As polícias Civil e Militar preferem não indicar os locais mais perigosos para se frequentar durante o período noturno. Os policiais consideram que isso poderia trazer duas consequências ruins: estigmatizar os moradores daqueles lugares e ‘‘espantar’’ os ladrões e assaltantes para outras regiões, facilitando a fuga deles das operações de investigação e repressão que já estão em desenvolvimento.
Os registros de ocorrências pelas duas polícias ao longo dos últimos meses, no entanto, servem para montar um mapa com o pontos mais inseguros e perigosos da Cidade.
Dados do relatório de atendimentos da Polícia Militar (PM) mostram que os marginais são muitos e atacam em todas as regiões. De janeiro a agosto deste ano, foram registradas 1.665 ocorrências na região sul, 2.125 no centro, 2.414 na região oeste, 3.365 na norte, e 3.877 na leste.
A maior parte dos crimes é contra o patrimônio - roubos de casas com arrombamentos, de automóveis -, com um total de 5.198 casos. Os assaltos a mão armada - crimes contra a pessoa - foram 840.
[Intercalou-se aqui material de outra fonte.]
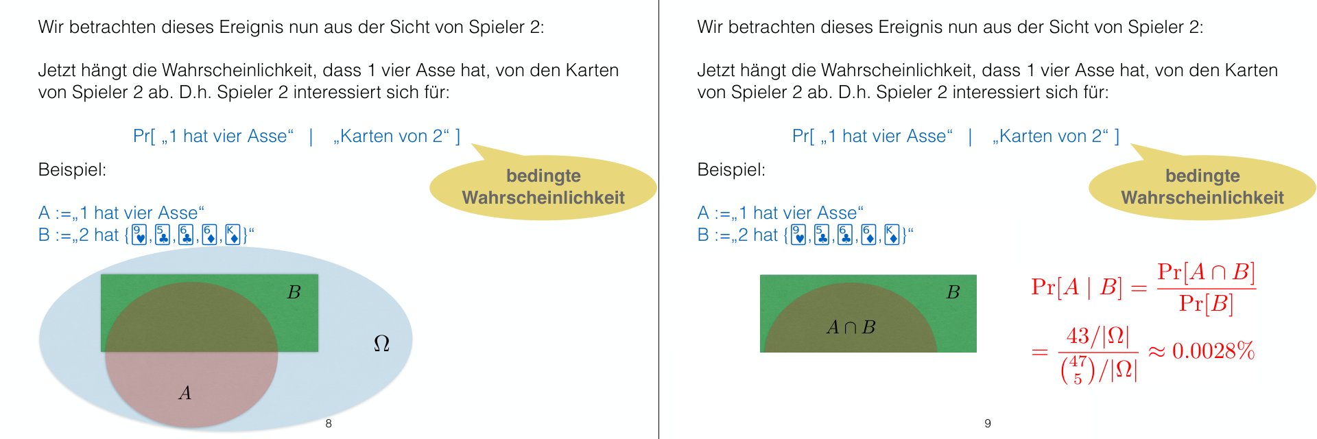 Now, for event (Player 1 has 4 Aces AND Player 2 has their specific hand): Since Player 2 has no Aces, all 4 Aces are still available among the 47 remaining cards. For Player 1 to have 4 Aces, Player 1 must receive all 4 Aces ( way) and 1 more card from the cards that are not Aces and not in Player 2’s hand ( ways). So, there are hands for Player 1 corresponding to .

A PM realizou 3.096 detenções naqueles oito meses. Do total, 82 delas foram referentes ao consumo e tráfico de tóxicos.
No tocante a roubos, assaltos e agressões, os locais de maior incidência estão no centro ou nas proximidades da região central da Cidade. Os principais são: estacionamento atrás do Fórum e da Prefeitura; rua sem saída ao lado da pista de cooper do lago Igapó 1; ruas que circundam o Zerão; parte da rua Piauí que corta o Bosque-Zerinho; praça Marechal Floriano (ao lado da Catedral); praça Rocha Pombo (entre a antiga rodoviária e o Terminal Urbano); avenida Duque de Caxias (entre os cruzamentos com a avenida Leste-Oeste e rua Maranhão, nas proximidades da antiga Cadeia da Sergipe); vizinhança da Rodoviária e do estádio VGD; estacionamento do Estádio do Café; e semáforos da avenida Tiradentes.
Estes são, de acordo com o registro de ocorrências e relatos de vítimas - muitas das quais sequer deram queixa na polícia por razões pessoais -, os pontos críticos no tocante à insegurança noturna e à possibilidade de se tornar alvo de crimes contra a pessoa em Londrina.